### Collected data entries
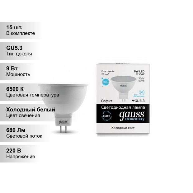Лампочка светодиодная MR16 GU5.3 9W холодный белый свет 6500K упаковка 10 шт. Gauss Elementary
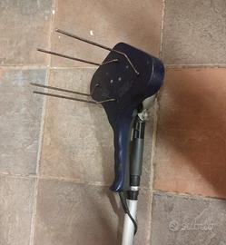Abbacchiatore scuotitore elettrico Meccanica Arpi, con cavo originale da 20 metri, doppio interruttore uno a bordo e uno sul cavo, morsetti a pinza per il collegamento su batteria tipo auto e asta telescopica da 3 metri. Ottime condizioni come da foto, usato poco. Riporto descrizione del produttore Elettrobrucaolive “Arpi” con impugnatura e asta telescopica, è caratterizzata da un principio di funzionamento completamente nuovo,brevettato, con 4 alberini a manovella, in acciaio, ruotanti fuori centro, provvisti di un forza periferica tarata per non rompere le olive, per non rompere i rametti, distaccando le olive mature e non mature facendole cadere in prossimità dell’operatore. E’ adatto a tutte le cultivar da olio dei nuovi e vecchi impianti coltivati in pianura,in collina, nelle zone impervie, in terreni a terrazze, ecc., ecc.. Peso attrezzo Kg. 1,240 Peso asta telescopica allungabile fino a 3 Mt, Kg. 0,720.
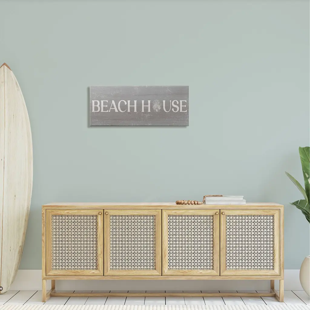 Stupell Beach House Vintage Sign Rustic Shell Design Canvas Wall Art - Grey - 30 X 13
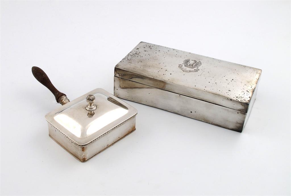 rectangular form, the domed cover with a ball finial, turned wooden baluster handle, length 17cm, plus a Victorian silver cigarette box, by Gibson and Langman, London 1887, of plain rectangular form, crested cover, approx. weighable 6oz. (2)
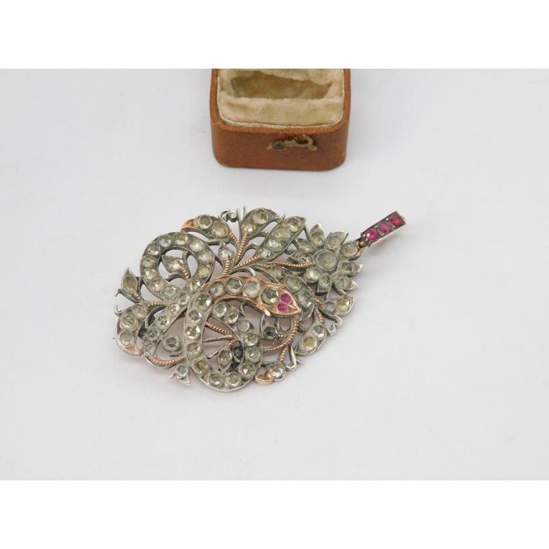 Details: A fantastic and wonderfully designed antique 18th century Indian mughal large coppered sterling silver pendant in the form of a entwined serpent in leaves set with rock crystal and natural rubies c1780. The silver has been tested as it is unmarked

### WHAT THE EXERCISE ASKS
Reproduce the lines above exactly, image-free.

### YOUR RESPONSE
Лампочка светодиодная MR16 GU5.3 9W холодный белый свет 6500K упаковка 10 шт. Gauss Elementary
Abbacchiatore scuotitore elettrico Meccanica Arpi, con cavo originale da 20 metri, doppio interruttore uno a bordo e uno sul cavo, morsetti a pinza per il collegamento su batteria tipo auto e asta telescopica da 3 metri. Ottime condizioni come da foto, usato poco. Riporto descrizione del produttore Elettrobrucaolive “Arpi” con impugnatura e asta telescopica, è caratterizzata da un principio di funzionamento completamente nuovo,brevettato, con 4 alberini a manovella, in acciaio, ruotanti fuori centro, provvisti di un forza periferica tarata per non rompere le olive, per non rompere i rametti, distaccando le olive mature e non mature facendole cadere in prossimità dell’operatore. E’ adatto a tutte le cultivar da olio dei nuovi e vecchi impianti coltivati in pianura,in collina, nelle zone impervie, in terreni a terrazze, ecc., ecc.. Peso attrezzo Kg. 1,240 Peso asta telescopica allungabile fino a 3 Mt, Kg. 0,720.
 Stupell Beach House Vintage Sign Rustic Shell Design Canvas Wall Art - Grey - 30 X 13
 rectangular form, the domed cover with a ball finial, turned wooden baluster handle, length 17cm, plus a Victorian silver cigarette box, by Gibson and Langman, London 1887, of plain rectangular form, crested cover, approx. weighable 6oz. (2)
 Details: A fantastic and wonderfully designed antique 18th century Indian mughal large coppered sterling silver pendant in the form of a entwined serpent in leaves set with rock crystal and natural rubies c1780. The silver has been tested as it is unmarked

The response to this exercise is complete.